Here's one worth following:

Model sues Vampire Weekend over 'Contra' cover - MSN Music News


----------



## Derrel (Jul 16, 2010)

Odd...I wonder what kind of model release would give a model the right to veto potential uses for the photos from a session when the end use is not porn or something like that????


----------



## KmH (Jul 17, 2010)

If I read the story correctly she claims she never signed a model release back in 1983 when the image was made.

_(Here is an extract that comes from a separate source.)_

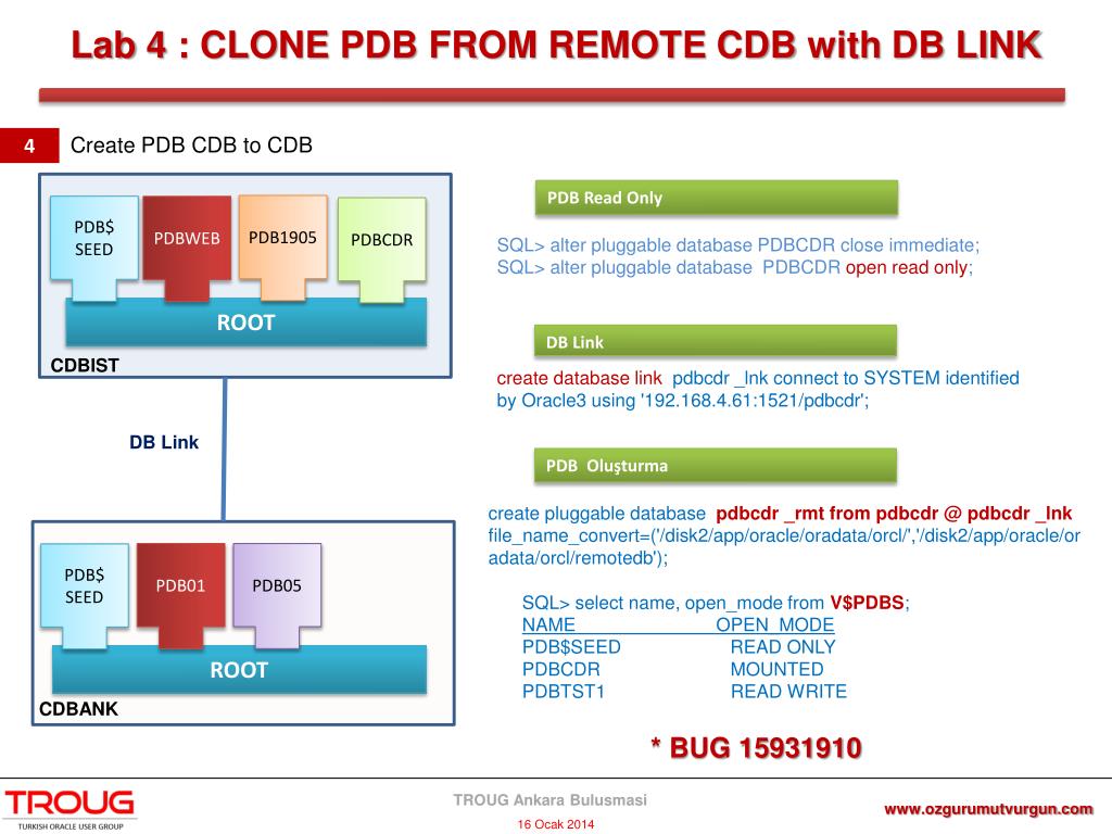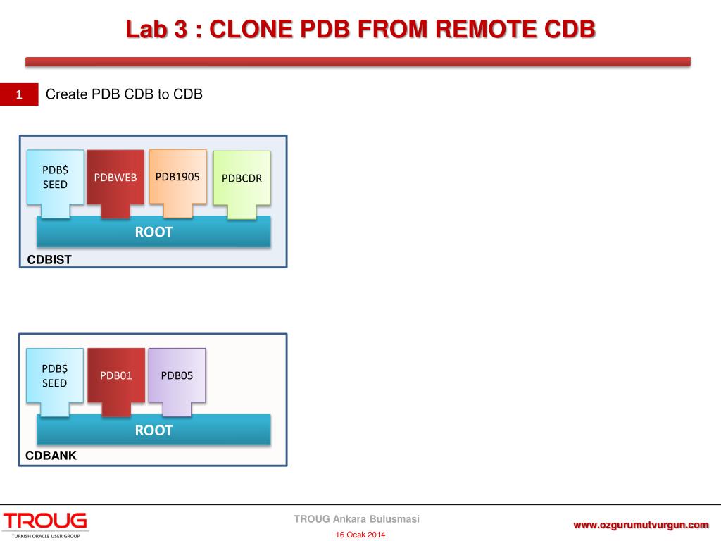 SQL> select pdb_name, status from CDB_PDBS; PDB_NAME STATUS PDB$SEED NORMAL PDBTST1 NORMAL TST06 UNPLUG SQL> select name, open_mode from V$PDBS; NAME OPEN_MODE PDB$SEED READ ONLY TST06 MOUNTED PDBTST1 READ WRITE Lab 4 : CLONE PDB FROM REMOTE CDB with DB LINK Create PDB CDB to CDB 4 PDB Read Only PDB1905 PDB$ SEED PDBWEB PDBCDR SQL> alterpluggabledatabase PDBCDR closeimmediate; SQL> alterpluggabledatabase PDBCDR openreadonly; ROOT DB Link CDBIST scp -r * oracle@192.168.4.61:/disk2/setup_files/datafiles SQL> select pdb_name, status from CDB_PDBS; PDB_NAME STATUS PDB$SEED NORMAL PDBTST1 NORMAL create pluggable database TST06 using '/disk2/setup_files/ pdborcl.xml' source_file_name_convert (‘……, ……') nocopy tempfile reuse; create database link pdbcdr _lnk connect to SYSTEM identified by Oracle3 using '192.168.4.61:1521/pdbcdr'; DB Link PDB Oluşturma create pluggable database pdbcdr _rmt from pdbcdr @ pdbcdr _lnkfile_name_convert=('/disk2/app/oracle/oradata/orcl/','/disk2/app/oracle/oradata/orcl/remotedb'); PDB01 PDB05 PDB$ SEED SQL> select name, open_mode from V$PDBS; NAME OPEN_MODE PDB$SEED READ ONLY PDBCDR MOUNTED PDBTST1 READ WRITE ROOT CDBANK * BUG 15931910 www.ozgurumutvurgun.com TROUG Ankara Bulusmasi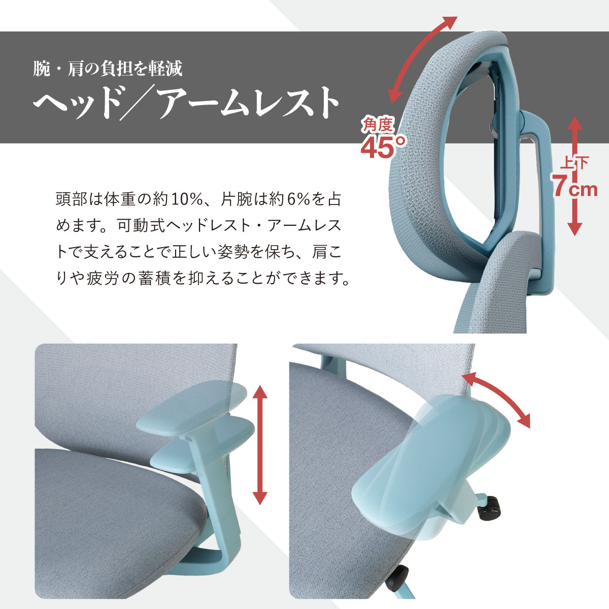 上下、前後、左右、そして角度まで、常に最適なポジションで腕を支える4D可動の肘掛けが、間接的に肩や首への負担を和らげサポートします。

> A consent form allowing the band permission to use the photo was purportedly signed by Kennis -- but she insists the signature on the papers is a forgery.


----------



## Overread (Jul 17, 2010)

Ouch that might be hard to prove (on both sides) as that is cutting the clock back quite a way. However unless she can prove that it is beyond doubt a forgery I doubt she will win the case.


----------



## c.cloudwalker (Jul 17, 2010)

I'm not sure what it is you are trying to do but if you post enough threads about photogs getting sued, yes, you will create the illusion that it is a dangerous profession.

It is not. You make me think of the government that tries so hard to rule us through fear.


----------



## KmH (Jul 17, 2010)

I'm not trying to do anything beyond sharing what I thought was an interesting, and related to the General Shop Talk forum section, news item.


----------



## IlSan (Jul 18, 2010)

Very interesting read that one, thanks Keith for sharing 

Would really like to know, how this case ends - i.e. who wins in the end. Guess both sides really will have quite a hard time proving anything...


----------



## Alpha (Jul 18, 2010)

Overread said:


> However unless she can prove that it is beyond doubt a forgery I doubt she will win the case.



Actually the legal standard is much less than that. In civil cases it's what's called a "preponderance of the evidence," which is basically more likely than not. Beyond a reasonable doubt is the higher, criminal standard.


----------



## pbelarge (Jul 18, 2010)

Regardless of how it ends, the lawyers will always win


----------



## Morpheuss (Jul 19, 2010)

man that is going to be tough to prove in her favor or against her favor... who would keep a model release that old...


----------



## KmH (Jul 19, 2010)

A professional photographer.


----------



## Mike_E (Jul 19, 2010)

That's what they get for trying to go cheap.

Actually paying someone for an image would have cost far less than spending $100 or whatever on a stock photo.


not a bad band though.


----------



## Overread (Jul 19, 2010)

Morpheuss said:


> man that is going to be tough to prove in her favor or against her favor... who would keep a model release that old...


 As I understand it they have the model release but that the model is claiming that its a forgery.


----------



## Alpha (Jul 19, 2010)

They'll probably settle for much less than it would cost to litigate. It's a crappy case on both ends.


----------



## Morpheuss (Jul 21, 2010)

sounds like somebody that did a shoot for free because she probably wanted to be a model to add to her portfolio and then sees years later that they used it so now she wants some money out of it...and she wants more than what the gig probably would have gotten her...


----------



## smokinphoto (Jul 24, 2010)

Ehhh.. this does not sound like its going to end well.


----------